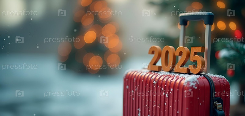 Цифры 2025 на чемодане. Направления путешествий, путешествия, поездки. Реализация надежд и мечтаний в Новом году. Крупный план, баннер, место для копирования. Снежный зимний день
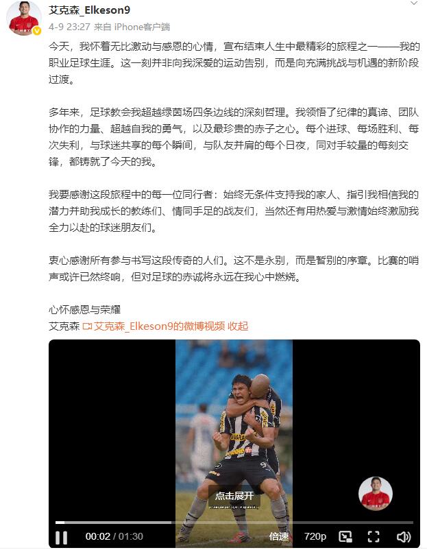 当成都太古里商圈霓虹初上时,35岁的艾克森在社交平台发出了一封手写信。泛黄信纸上钢笔字迹微微洇开,这位被中国球迷亲切唤作"小熊"的归化国脚,用十六年光阴谱写的足球故事就此画上休止符。从维多利亚贫民窟走出的少年,到身披五星红旗的"中国埃神",他的转身离去在春夜里掀起阵阵涟漪。
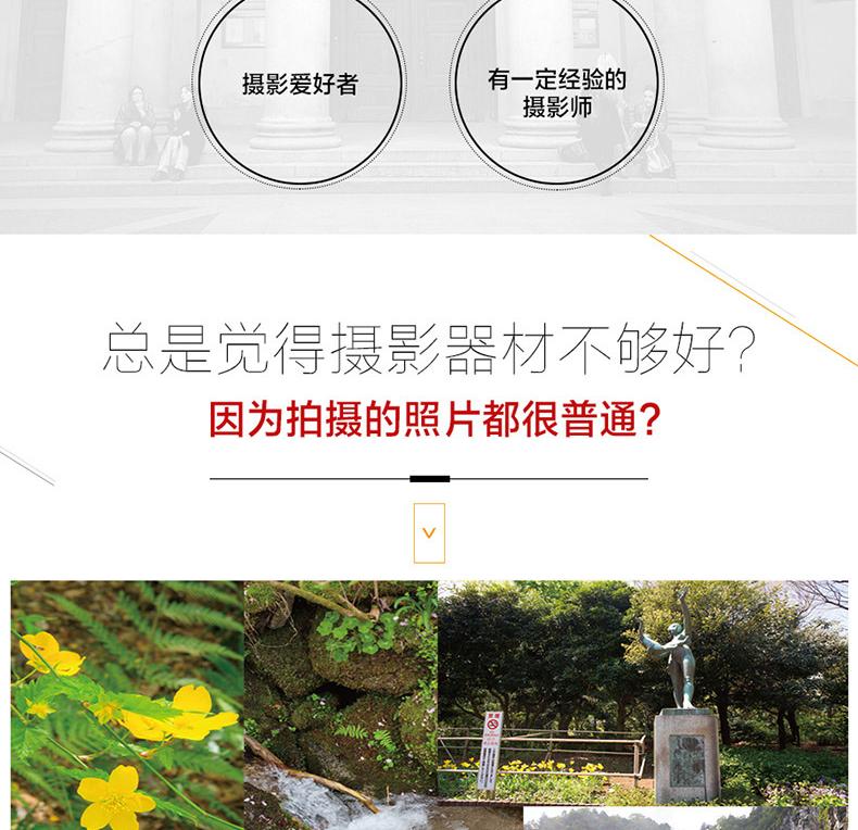 自然風景、人物、動物、街拍等主題實戰構圖技巧講解,讓你真正應用在自己的攝影作品上。
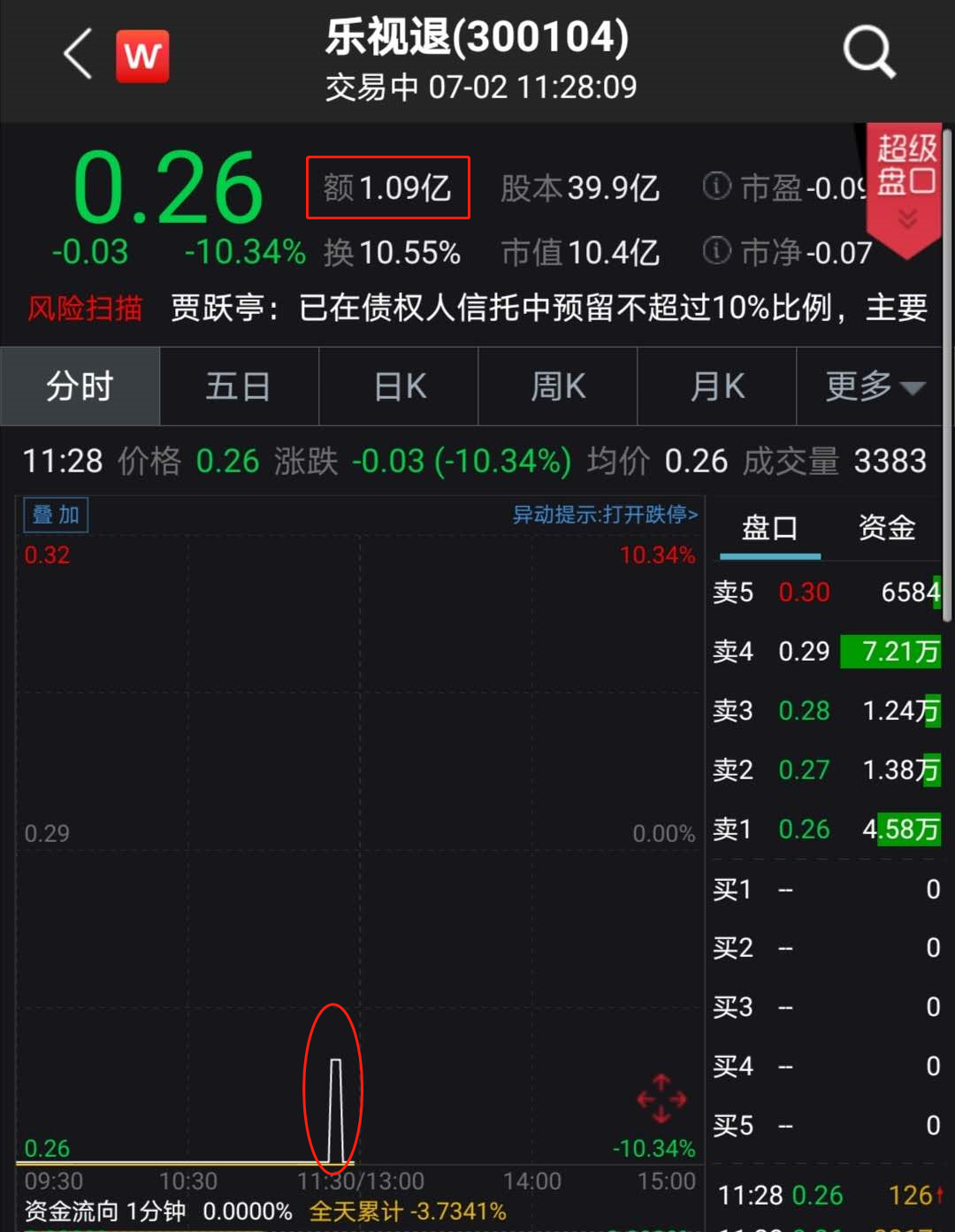 连续20多个跌停的乐视退,瞬间打开跌停,盘中跌幅一度收窄至4%以内。截止午间收盘,乐视退再度跌回跌停盘,成交额超1亿元。
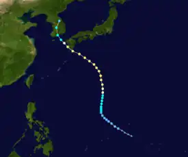 Originating from a monsoon trough on July 21, Judy began as a tropical depression west of the Northern Mariana Islands. Tracking west-northwest, the system gradually intensified into Tropical Storm Judy on July 23. By this time, the storm had turned due north. Two days later, Judy attained typhoon status as it began a gradual turn to the west-northwest. Late on July 25, the storm peaked with winds of 165 km/h (105 mph). Striking Kyushu on July 27, interaction with the island's mountainous terrain caused Judy to quickly weaken as it neared South Korea. The weakened storm struck the country west of Pusan the following day before losing its identity near the border with North Korea. The remnants of Judy were last noted over the Sea of Japan.[40]
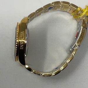 This NIB Invicta MLB watch features the New York Yankees logo and famous pinstripes on the 42 mm face, with a date window. The band is composed of a yellow gold tone full bracelet. Sapphire crystal, 200 meter water resistant. The automatic movement is self winding while wearing, so NO BATTERIES EVER!! Warranty card included, which you can register in your own name.
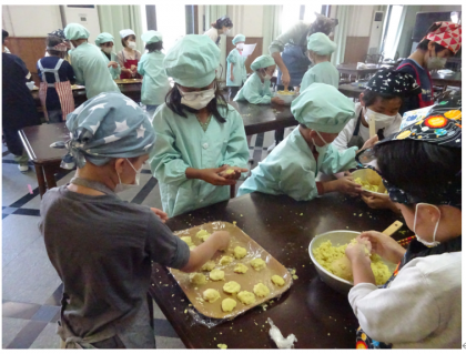 2年生と一緒に収穫したさつまいもを使って、さつまいももちを作りました。
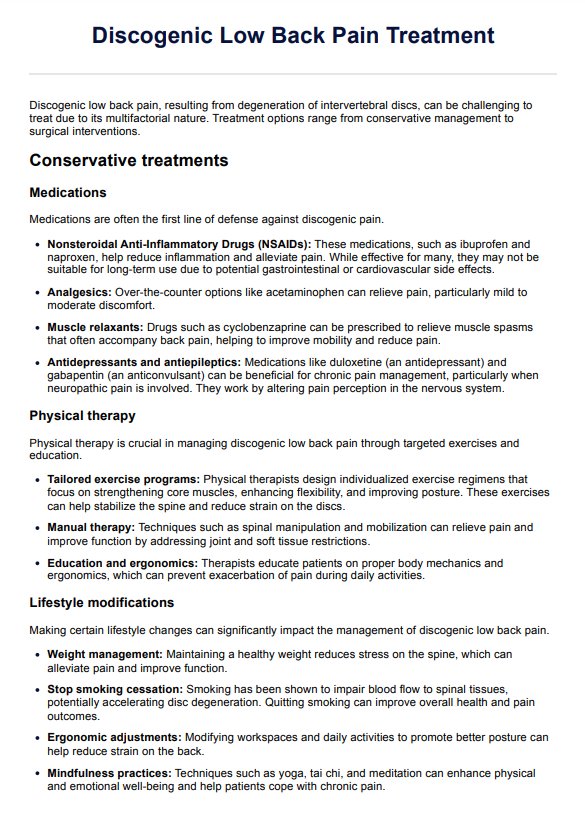 Discogenic Low Back Pain Treatment Template
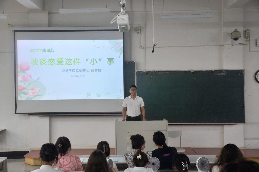6月29日,经法学院党委书记赵智博于博学楼A101以“谈谈恋爱这件‘小’事”为题开展专题讲座,学院党委副书记张国华出席,2022级全体学生听取了讲座。
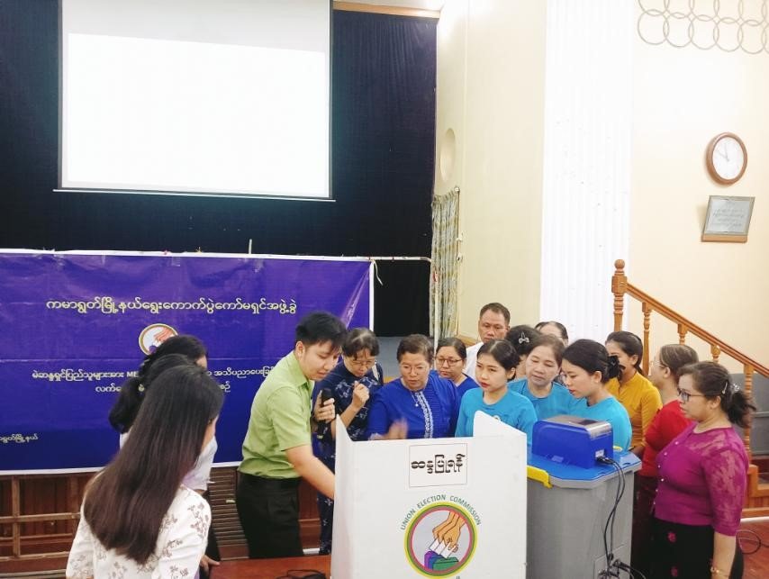 ၂၀၂၅ ခုနှစ်၊ စက်တင်ဘာလ ၁၅ ရက် နံနက် ၉ နာရီ ၃၅ မိနစ်တွင် ရန်ကုန်တိုင်းဒေသကြီး၊ ကမာရွတ်ခရိုင်၊ ကမာရွတ်မြို့နယ်၊ အမှတ်(၉)ရပ်ကွက်၊ ရန်ကုန်တက္ကသိုလ်ဝင်း၊ ဝိဇ္ဇာခန်းမတွင် မဲဆန္ဒရှင် ပြည်သူများအား မြန်မာအီလက်ထရောနစ် မဲပေးစက် (MEVM) ကိုင်တွယ်အသုံးပြုနည်းနှင့် လက်တွေ့စမ်းသပ်မဲပေးခြင်းဆိုင်ရာ အသိပညာပေးခြင်းအခမ်းအနားသို့ မြို့နယ်စီမံခန့်ခွဲရေးနှင့် အုပ်ချုပ်ရေးကော်မတီဥက္ကဋ္ဌ မြို့နယ်အုပ်ချုပ်ရေးမှူး ဦးကောင်းမြင့်သူနှင့် အဖွဲ့ဝင်များ၊ မြို့နယ် ရွေးကောက်ပွဲကော်မရှင်အဖွဲ့ခွဲမှ တာဝန်ရှိသူများ၊ ရပ်ကွက်အုပ်ချုပ်ရေးမှူးများ တက်ရောက်ခဲ့ပြီး မဲဆန္ဒရှင်ပြည်သူများမှ လက်တွေ့စမ်းသပ်မဲပေးခြင်းများ ဆောင်ရွက်ခဲ့ကြောင်း သတင်းရရှိပါသည်။
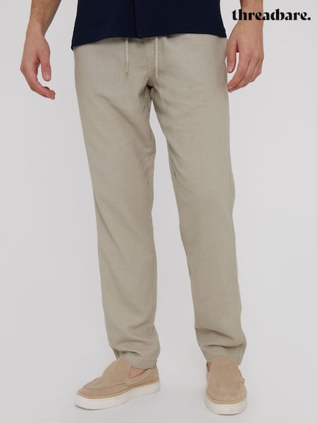 Threadbare Natural Linen Blend Drawcord Trousers
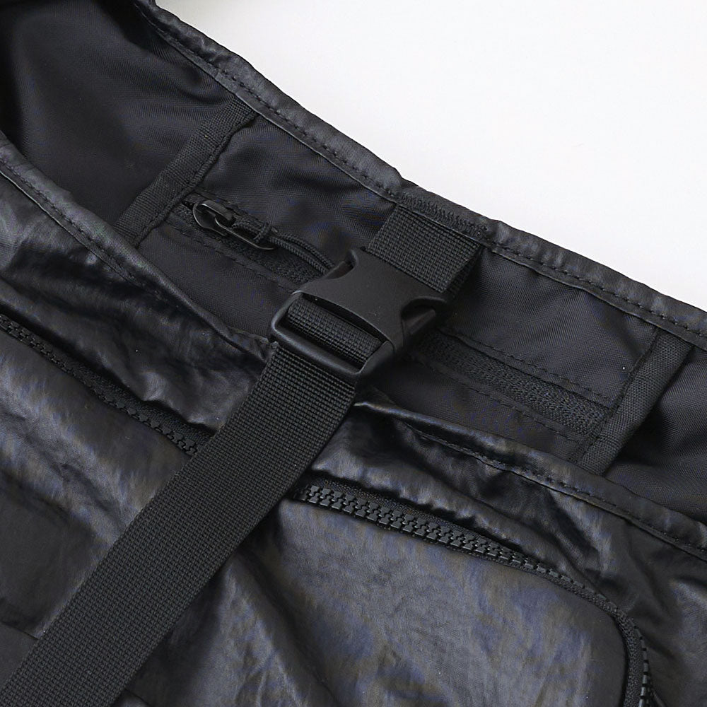 容量はフロントポケットや背面にもポケットを備え、使い勝手の良さも抜群。長さ調節が可能なショルダーストラップは、肩掛けにも斜め掛けにも対応。さらに取り外し可能なので、Design paracord shoulderとの組み合わせもお楽しみいただけます。
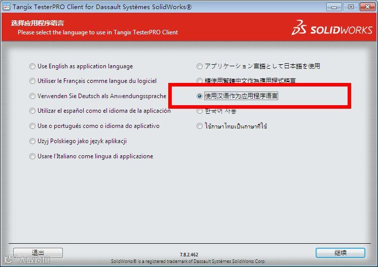 ➤安装完成后选择运行,选择“使用汉语作为应用程序语言”
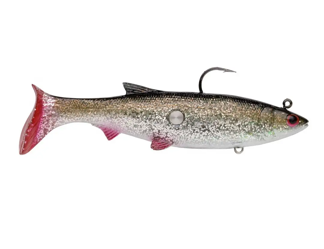Soft body meets hard metal. The life-like soft body of the Knock’r Minnow gives the lure a baitfish appearance while the through-body metal chamber with an internal stainless steel ball creates a loud clacking sound. The exposed metal discs at the ends of the chamber transmit the knockin’ sound directly to the water without dampening it. Large paddle tail for strong body roll with a kickin’ tail action.

==*==

Final stretch of the data: repeat exactly each line from the one containing "၂၀၂၅ ခုနှစ်၊ စက်တင်ဘာလ" through the last, and omit all pictures.

 ၂၀၂၅ ခုနှစ်၊ စက်တင်ဘာလ ၁၅ ရက် နံနက် ၉ နာရီ ၃၅ မိနစ်တွင် ရန်ကုန်တိုင်းဒေသကြီး၊ ကမာရွတ်ခရိုင်၊ ကမာရွတ်မြို့နယ်၊ အမှတ်(၉)ရပ်ကွက်၊ ရန်ကုန်တက္ကသိုလ်ဝင်း၊ ဝိဇ္ဇာခန်းမတွင် မဲဆန္ဒရှင် ပြည်သူများအား မြန်မာအီလက်ထရောနစ် မဲပေးစက် (MEVM) ကိုင်တွယ်အသုံးပြုနည်းနှင့် လက်တွေ့စမ်းသပ်မဲပေးခြင်းဆိုင်ရာ အသိပညာပေးခြင်းအခမ်းအနားသို့ မြို့နယ်စီမံခန့်ခွဲရေးနှင့် အုပ်ချုပ်ရေးကော်မတီဥက္ကဋ္ဌ မြို့နယ်အုပ်ချုပ်ရေးမှူး ဦးကောင်းမြင့်သူနှင့် အဖွဲ့ဝင်များ၊ မြို့နယ် ရွေးကောက်ပွဲကော်မရှင်အဖွဲ့ခွဲမှ တာဝန်ရှိသူများ၊ ရပ်ကွက်အုပ်ချုပ်ရေးမှူးများ တက်ရောက်ခဲ့ပြီး မဲဆန္ဒရှင်ပြည်သူများမှ လက်တွေ့စမ်းသပ်မဲပေးခြင်းများ ဆောင်ရွက်ခဲ့ကြောင်း သတင်းရရှိပါသည်။
 Threadbare Natural Linen Blend Drawcord Trousers
 容量はフロントポケットや背面にもポケットを備え、使い勝手の良さも抜群。長さ調節が可能なショルダーストラップは、肩掛けにも斜め掛けにも対応。さらに取り外し可能なので、Design paracord shoulderとの組み合わせもお楽しみいただけます。
 ➤安装完成后选择运行,选择“使用汉语作为应用程序语言”
Soft body meets hard metal. The life-like soft body of the Knock’r Minnow gives the lure a baitfish appearance while the through-body metal chamber with an internal stainless steel ball creates a loud clacking sound. The exposed metal discs at the ends of the chamber transmit the knockin’ sound directly to the water without dampening it. Large paddle tail for strong body roll with a kickin’ tail action.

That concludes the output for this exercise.